Uploaded: 16 June 2009

4. Jenna Mourey

Don’t know Jenna Mourey? You may know her better as vlogger Jenna Marbles, her YouTube pseudonym for which she is now famous. Mourey’s laugh-out-loud rants and anecdotes have made her the most-subscribed-to woman on YouTube, with more than 8m followers, many of whom may have come across her channel via ‘How To Trick People Into Think You’re Good Looking’, which clocked up more than 5.3m views in its first week.

Mourey now earns enough money from YouTube to have quit her day job and make videos full time. An inspiration to YouTubers worldwide, she paid a visit to Ireland in March this year to pick up the James Joyce Award from University College Dublin and the Bram Stoker Award from Trinity College Dublin.

 

Uploaded 9 July 2010

5. Antoine Dodson

A house intruder and attempted rape is nothing to sing about, but Antoine Dodson’s interview following his sister’s ordeal at Lincoln Park, Alabama, in 2010 has become embedded in pop culture thanks to some auto-tune magic from The Gregory Brothers. The resulting iTunes track reached No 89 in the Billboard Hot 100 and Dodson reportedly earned enough from sales of the song to move his family out of the projects.

 

Uploaded: 31 July 2010

6. Michael Stevens

For every YouTube detractor that claims the site is just full of inane, cutesy animal videos (and we admit, there are a lot), we give you Michael Stevens, creator of Vsauce – a YouTube channel that makes you think. Thought-provoking Vsauce videos attempt to answer all sorts of questions – from What Color Is A Mirror? to Will We Ever Run Out of New Music? – and each of these can easily score a million views in the space of a week.
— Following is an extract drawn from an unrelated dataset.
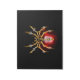 Mechanical, steampunk spider with gold, brass gears and a red glass lamp on a black background. Steampunk style.

Vsauce now has more than 3m subscribers and a number of spin-off channels, and Stevens recently partnered with Euronews on its new science and technology-focused Euronews Knowledge channel.

 

Uploaded: 30 November 2012

7. PSY

Fact is, it would be impossible to compile a list of YouTube’s greatest video stars without including South Korean singer, songwriter, rapper, dancer, record producer and TV personality PSY. The madcap music video for Gangnam Style is the most-watched video on YouTube ever and the first to have passed the 1bn views milestone, which it did late last year. His follow-up Gentleman has made records of its own, achieving the most views in 24 hours after uploading. But PSY’s most crucial accomplishment on YouTube has been ensuring that the video network is more than just a haven for Beliebers.

 

Uploaded: 13 April 2013

8. Jason Sullivan

And, finally, we have to give a shout-out to a YouTube sensation from the homeland: Jason Sullivan, also know by his pseudonym Andrew James but best known as the creator of Sminky Shorts. The Cork artist’s animations offer up a distinctively Irish flavour of comedy for the YouTube audience and it’s said that a series is in development, which could explain the channel’s lack of activity in recent months.

Uploaded: 28 May 2012

Elaine Burke is the host of For Tech’s Sake, a co-production from Silicon Republic and The HeadStuff Podcast Network. She was previously the editor of Silicon Republic.